Laura Cochran won an Award of Excellence for a design she created during her study abroad semester at the University of Arkansas Rome Center.

Laura Cochran won an Award of Excellence for a design she created during her study abroad semester at the University of Arkansas Rome Center.

By Mattie Bailey

Five University of Arkansas students in the Fay Jones School of Architecture and Design were recognized earlier this semester for their design work through the eighth annual Hnedak Bobo Group International Design Competition. This is the first of three installments that explore their design projects and their study abroad experiences in Rome and Mexico.

Laura Cochran, a fifth-year architecture student from Kansas City, Missouri, was among the students who studied at the University of Arkansas Rome Center last year. During both the fall 2014 and spring 2015 semesters, the theme for the Rome Center studio was the Aurelian Wall, as students focused on urban analysis, interpretation, documentation, synthesis and intervention. The Aurelian Wall was a defensive wall of imperial Rome, with its construction begun in third century A.D. It was about 12.5 miles long, 13 feet thick and 24 feet high. In fifth century A.D., the height was raised to 35 feet, and 380 towers were added.

The instructors at the Rome Center asked design students to explore a specific section of the Aurelian Walls in teams. Each team analyzed the wall, wall fragment or ruin and recorded the transformations that occurred through the centuries. This investigation yielded sketches, diagrams, collages and other visual forms of data to be used in the design investigation. In doing this, students analyzed current urban conditions, identified the multiple social and cultural overlays on the site, and studied the principles of organization that order and give meaning to the whole.

Students also studied the wall as a physical and material object. The students were asked to determine in what ways the wall might occupy, define, divide or create space. These answers were studied and analyzed in the context of the neighborhoods through which the wall passes. Students studied the history of the street patterns, figure and ground conditions that exist, and the sectional relationships between the wall and the context.

For their final part of the project, the individual design project, students were asked to use their investigations as the basis for imagining and designing a response to the neighborhood that engaged the “idea” of the wall as an architectural element important and relevant in the city of Rome today. The individual projects were evaluated on comprehension of the site’s issues/opportunities; depth of the inventory with respect to the proposed analytical strategy; level of development of the analytical content; coherence of the individual design proposal within the team’s analysis; and clarity in the representation, quality of drawings and development of the idea.

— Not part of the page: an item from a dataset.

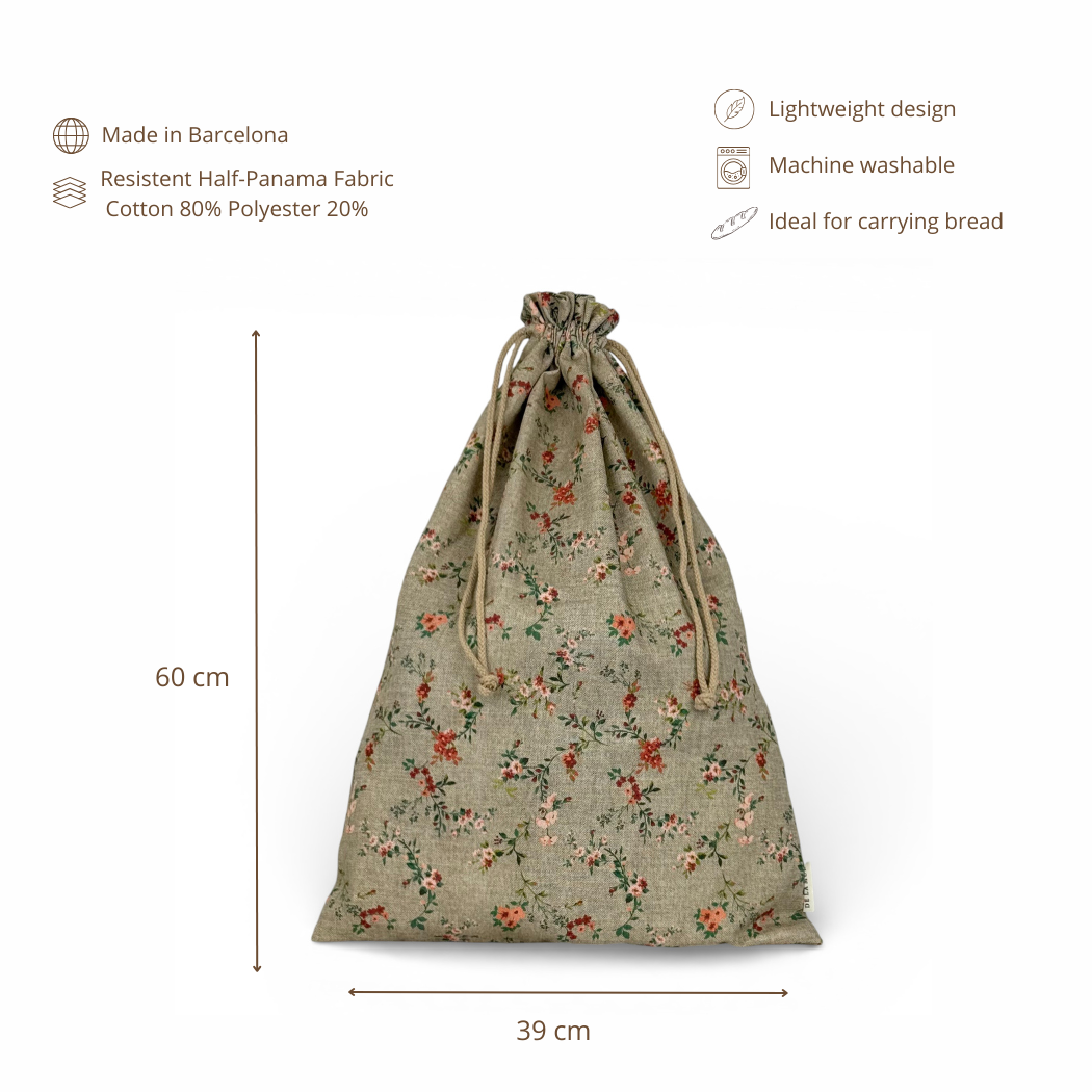 Bolsa para el pan confeccionada en tejido de half-panama 80% algodón y 20% poliéster con estampado floral naranja. Un diseño sencillo y bonito que aporta un toque especial a la cocina y muy útil para ir a comprar.

Cochran recalls attending the Hnedak Bobo design competition awards ceremony during her third year of architecture school. She said that she “knew after seeing the work, I wanted to be a part of the competition.”

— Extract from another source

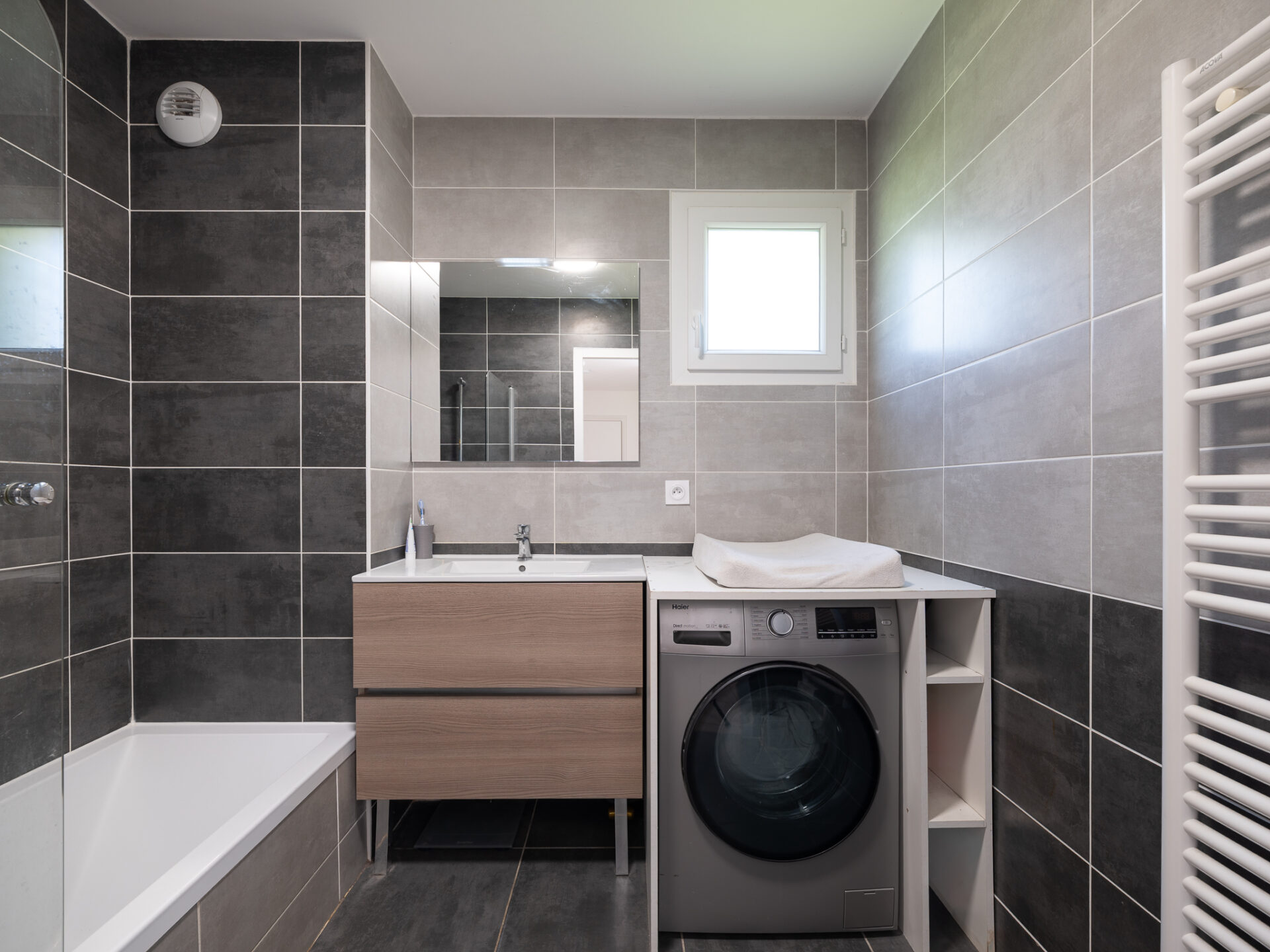 Côté nuit, deux chambres cosy, une salle d’eau contemporaine et un WC suspendu complètent l’ensemble.

Cochran, who received an Award of Excellence for her work in this year’s competition, spent about eight weeks on the individual phase of work in Rome.

“Studying abroad was amazing,” Cochran said. “I was there for four months, I can truly say I miss and think about Rome every single day. I cannot wait to go back and walk the streets of Trastevere again.”

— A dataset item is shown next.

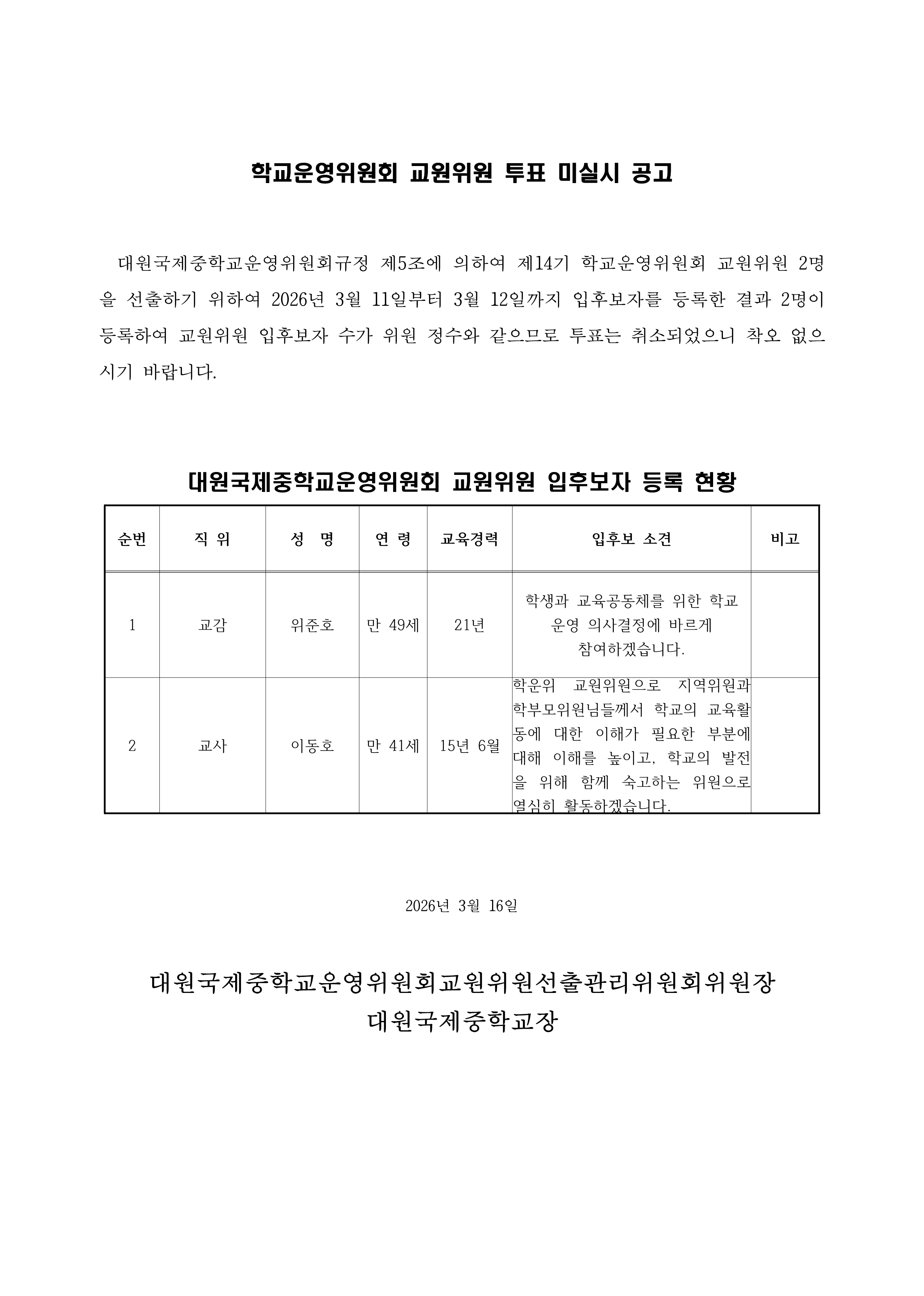 Á¦14±â Çб³¿î¿µÀ§¿øÈ¸ ±³¿øÀ§¿ø ÅõÇ¥ ¹Ì½Ç½Ã °ø°í (¼±°Å °øº¸)

Her project introduced a new wall to the ancient Aurelian Walls that surround the city of Rome. She said this new wall is added as an extension of the old, bridging Porta Pinciana and Villa Medici. The new structure creates an enclosed triangular site and becomes a modern sculpture garden. The proposed wall mimics the existing wall in its scale and its reinterpretation of the tower, while keeping an identity of its own with its use of modern materials, she said.

The surrounding Villa Borghese provided the inspiration for the program of the project, Cochran said. Villa Borghese is one of the largest gardens in Rome, and it contains beautiful gardens and museums. This “new wall” creates vertical circulation along the ancient walls onto the Villa Borghese grounds. A modern sculpture garden seemed to be the perfect transition along the way, she said.

The Architecture of the City class strongly encouraged sketching, Cochran said, which also inspired the project.

“I wanted to take advantage of being in this ancient city and experiencing it just as architecture students had hundreds of years ago,” she said. “I favored hand drawing over computer work. I brought my sketchbook with me everywhere I went whether I was sketching at the bar across the street, along the river or at our apartment, I was constantly drawing what was around me.”

Cochran said that planners in Rome are in a tricky position in that they have to consider when and how do they preserve the ancient city while continuing to modernize it in a respectful way. She wanted her project to respect and take inspiration from the ancient walls.

“The new wall is not only meant to create space along the walls, but reinforce what is existing,” she said.

Cochran learned much from her study abroad experience abroad – “not only about architecture, but about different cultures, travel and discovering things for yourself. I feel fortunate that our school requires such an experience.”